I've read some book that use the wedge products of $dx_i$ to define $r$-forms in $\mathbb{R}^n$. However, I have a professor that defines the $r$-forms just using that are $r$-linear and antisymmetric.

How can I get from here that the wedge products of lenght $r$ generate the differential $r$-forms?

Many thanks in advance.

Answer 1

This is a fundamental fact from multilinear algebra. I'll follow Tu's "Introduction to Manifolds," and present it from a more general perspective.
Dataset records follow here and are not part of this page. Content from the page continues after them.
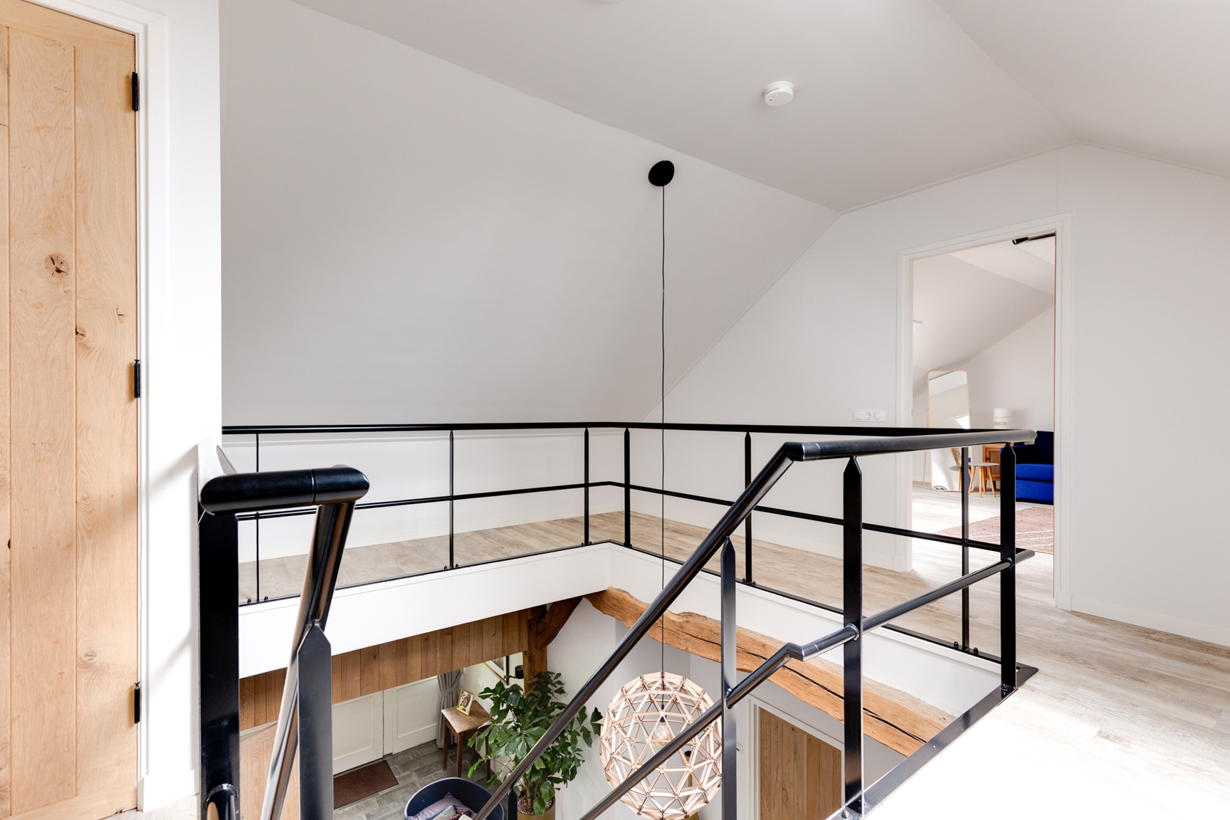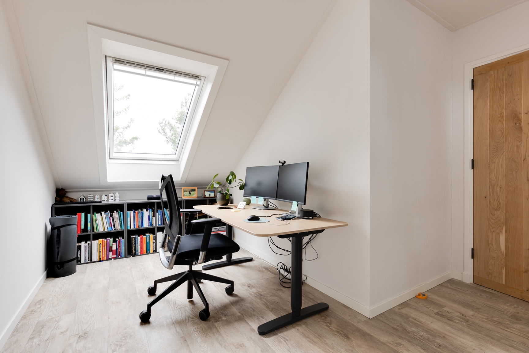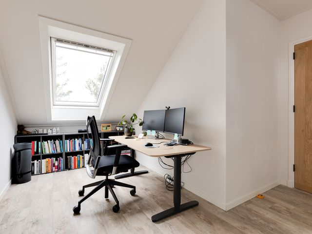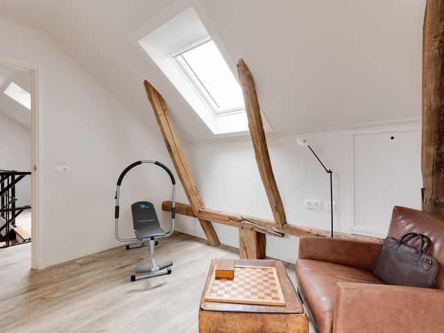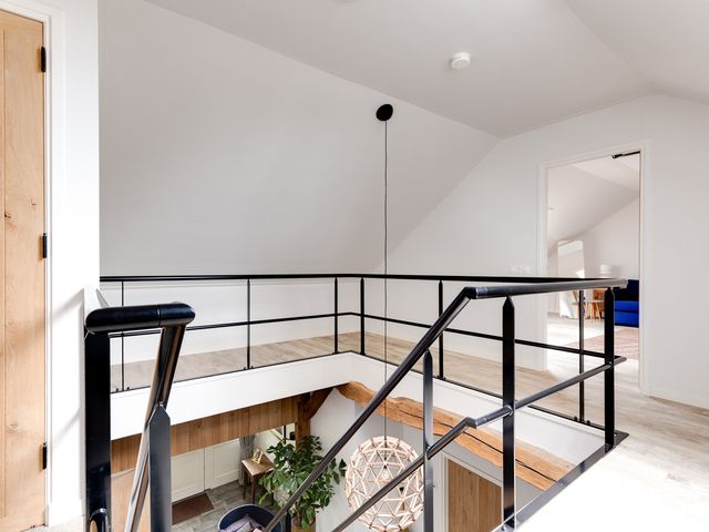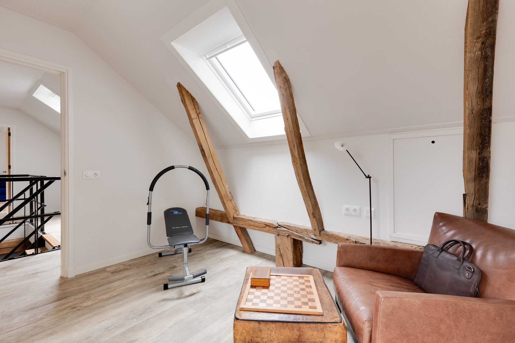 Verdieping: Via de trapopgang in de hal is er toegang tot de vide. Hoewel de trap en balustrade modern zijn uitgevoerd past deze perfect in deze prachtig verbouwde woning. De vide biedt toegang tot 2 slaapkamers en een badkamer. Eén van de slaapkamers is momenteel in gebruik als kantoor. De badkamer is voorzien van een inloopdouche, wastafel en wandcloset. Door de in totaal 6 dakramen is er ook op deze etage een overvloed aan natuurlijk daglicht.
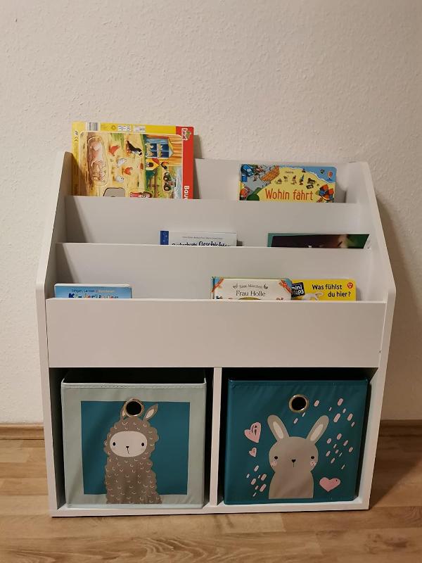 - Das Spielzeugregal für Faltboxen bietet bequeme Aufbewahrungsmöglichkeiten für Bücher und Spielzeug dank drei offener Ablagen und zwei Box-Fächern.
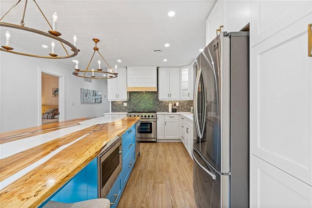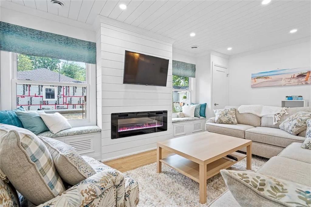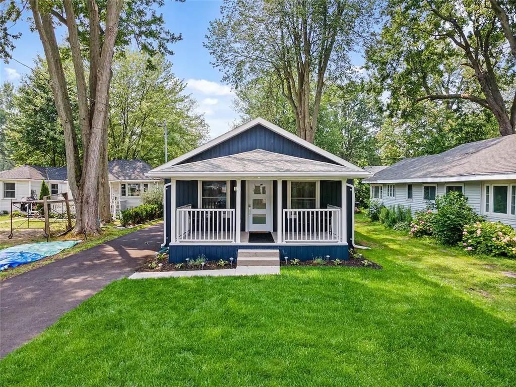 Escape to your dream 4-season cottage or home in the highly sought-after Bay Beach area, just a stone's throw from the enchanting Crystal Beach. This stunning 3-bedroom, 2-bathroom bungalow has been lovingly rebuilt, with meticulous attention to every detail, giving you the perfect escape. The transformation was completed between 2020-2021 and includes a brand-new Helical Piles foundation and enchanting interior and exterior upgrades. Outside, you'll be welcomed by an inviting 10'x18' front porch adorned with 24""x24"" tiles. Inside, the living room, hallway, and kitchen boast stylish shiplap ceilings, crowned with tasteful crown molding that gracefully extends throughout the living room and hallway. The interior doors, crafted from solid wood, add a touch of rustic charm, elevating to pure luxury. Designer Riobel plumbing fixtures ensure that every aspect of your home exudes quality and sophistication. The gourmet kitchen is the heart of this escape, perfect for entertaining.**** EXTRAS **** It features a one-of-a-kind oversized live edge epoxy island, quartz countertops, stainless steel appliances, and recessed lighting, ensuring your culinary adventures are as delightful as your beach days
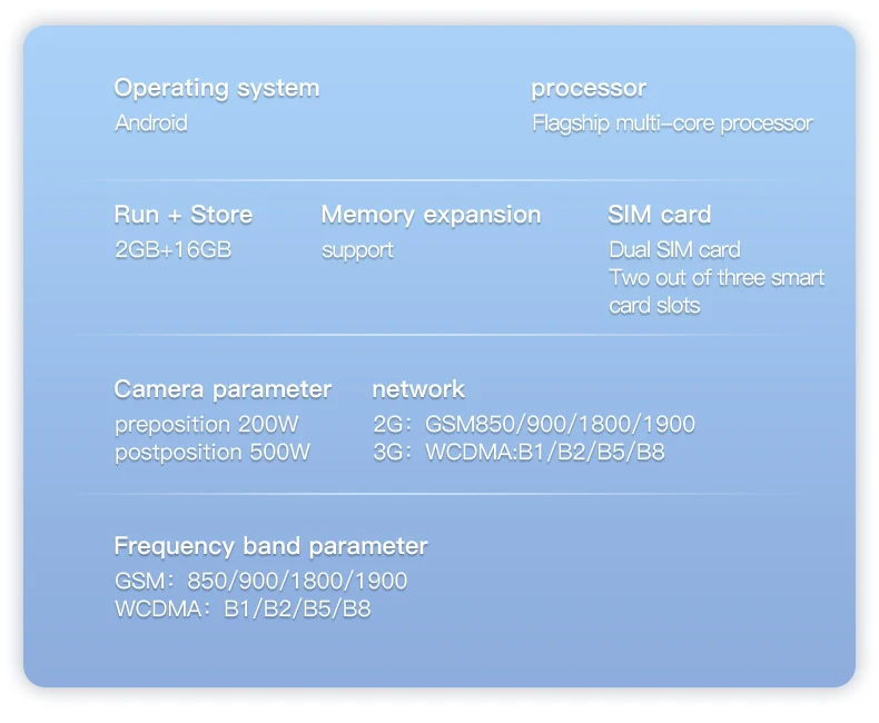 • 3G WCDMA: B1/B2/B5/B8

First, say we have a basis $e_1,\cdots e_n$ for a real vector space $V$, and let $\alpha^1,\cdots,\alpha^n$ be the dual basis for $V'.$ First, one proves a lemma

Lemma. If $I=(i_1,i_2,\cdots,i_k)$ and $J=(j_1,j_2,\cdots,j_k)$ are multi-indices with $1\leq i_1<\cdots<i_k\leq n$ and $1\leq j_1<\cdots<j_k\leq n$, then $$\alpha^I(e_J)=\delta_J^I,$$ where $e_J=(e_{i_1},\cdots, e_{i_k})$ and $\alpha^I=\alpha^{i_1}\wedge\cdots\wedge \alpha^{i_k}.$

The proof is not hard, and it uses the relationship between evaluating a wedge of $k$ covectors and the determinant. Using such a lemma, one can proceed to show that

Proposition. The set $\{\alpha^{i_1}\wedge\cdots\wedge \alpha^{i_k}: 1\leq i_1<\cdots <i_k\leq n\}$ forms a basis for $A_k(V),$ the space of alternating $k$-linear functions on $V$.

The lemma is used to prove linear independence. Showing that they span is straightforward. For details, I recommend reading Tu (pages $31$-$32$).

In your situation, $V=T_p(\mathbb{R}^n),$ and $e_j=\partial/\partial_{x_j}|_p,$ $\alpha^j=dx^j|_p.$